The number of shares changing hands in Stoxx 600-listed companies was 10 percent greater than the 30-day average, according to data compiled by Bloomberg.
Troops from Russia’s 45th Airborne Regiment were in the eastern towns of Slovyansk and Kramatorsk, Ukraine’s first deputy Prime Minister Vitali Yarema said in televised comments on Channel 5. Ukrainian units backed by armored personnel carriers blocked all approaches to Slovyansk, Russia’s state-run RIA Novosti news service reported earlier, citing an unidentified pro-Russian activist.
Four militants were killed and two wounded when Ukrainian troops stormed an airport in Kramatorsk, taking it under control, RIA Novosti also said.
Envoys from Ukraine, Russia, the U.S. and European Union are scheduled to hold talks in Geneva on April 17 in an attempt to resolve the crisis.
In Germany, a gauge of investor confidence fell for a fourth month in April. The ZEW Center for European Economic Research in Mannheim said its index of investor and analyst expectations, which aims to predict economic developments six months in advance, slid to 43.2 from 46.6 in March. Economists had forecast a decline to 45.
“There is little doubt that the ZEW data will have had a depressing impact on sentiment because Germany is the engine room of growth in the euro zone, Jeremy Batstone-Carr, head of research at Charles Stanley & Co., said in a phone interview.
In the U.S., the Federal Reserve Bank of New York’s so-called Empire State manufacturing index declined to 1.29 this month from 5.61 in March. Economists surveyed by Bloomberg had forecast an increase to 8.
National benchmark indexes retreated in all of the western-European markets except Norway. The U.K.’s FTSE 100 slipped 0.6 percent, Germany’s DAX lost 1.8 percent, while France’s CAC 40 declined 0.9 percent.
Greece’s benchmark ASE Index tumbled 1.7 percent, for its ninth day of declines and longest losing streak since August 2011. The equity gauge rose 28 percent in 2013.
‘‘I think this is a case of people taking chips off the table as they’ve made so much money on Greece,” Ion-Marc Valahu, a co-founder and fund manager at Clairinvest in Geneva, said in a phone interview. “Greece is a small market, so if some investors leave it does not take too much for a cascading effect to the downside.”
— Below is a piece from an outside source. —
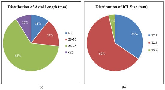 The Visian V4 ICL model was implanted in all eyes. Patients received one of three of the following ICL sizes (mm): 12.1 (34%), 12.6 (62%), and 13.2 (4%) (Figure 1b). Concerning cataract surgery, 17 types of posterior chamber intraocular lens models and lens types were utilized (Table A1). The distribution of ICL and IOL powers used can be found in Table 1.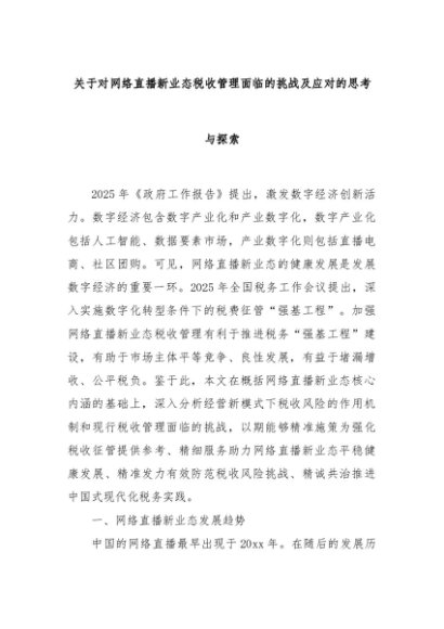 【七哥公文】2025年:关于对网络直播新业态税收管理面临的挑战及应对的思考与探索+更多免费公文+VX:QiGeGongWen2024

SABMiller lost 2.3 percent to 3,052.5 pence. The world’s second-biggest brewer said its 39.6 percent holding in hotel and casino operator Tsogo Sun is not a core part of its operations.
Rio Tinto fell 3.1 percent to 3,302.5 pence. The world’s second-largest mining company said first-quarter iron ore production rose 8 percent to 52.3 million metric tons from 48.3 million tons a year earlier. That missed the 54.7 million-ton median estimate of analysts surveyed by Bloomberg.
A gauge of mining stocks slipped 2.4 percent, for the worst performance of the 19 industry groups in the Stoxx 600. Voestalpine AG tumbled 5 percent to 30.46 euros. ArcelorMittal lost 3.5 percent to 11.57 euros.
Banca Monte dei Paschi di Siena SpA plunged 10 percent to 22.5 euro cents, for its biggest drop since March 2012. Italy’s third-largest bank said it may increase the size of a planned share sale to reimburse part of a 4.1 billion-euro ($5.7 billion) government bailout.
L’Oreal (OR) advanced 1.1 percent to 122 euros. The world’s largest cosmetics maker said first-quarter revenue gained 2.8 percent in western Europe, excluding currency shifts and acquisitions, while southern European sales grew for the first time in six years.
Sodexo climbed 3.3 percent to 77.36 euros. Deutsche Bank AG raised its recommendation on the world’s second-largest catering company to buy from hold, citing expected strong earnings growth, increased operational efficiencies and the potential for cash returns.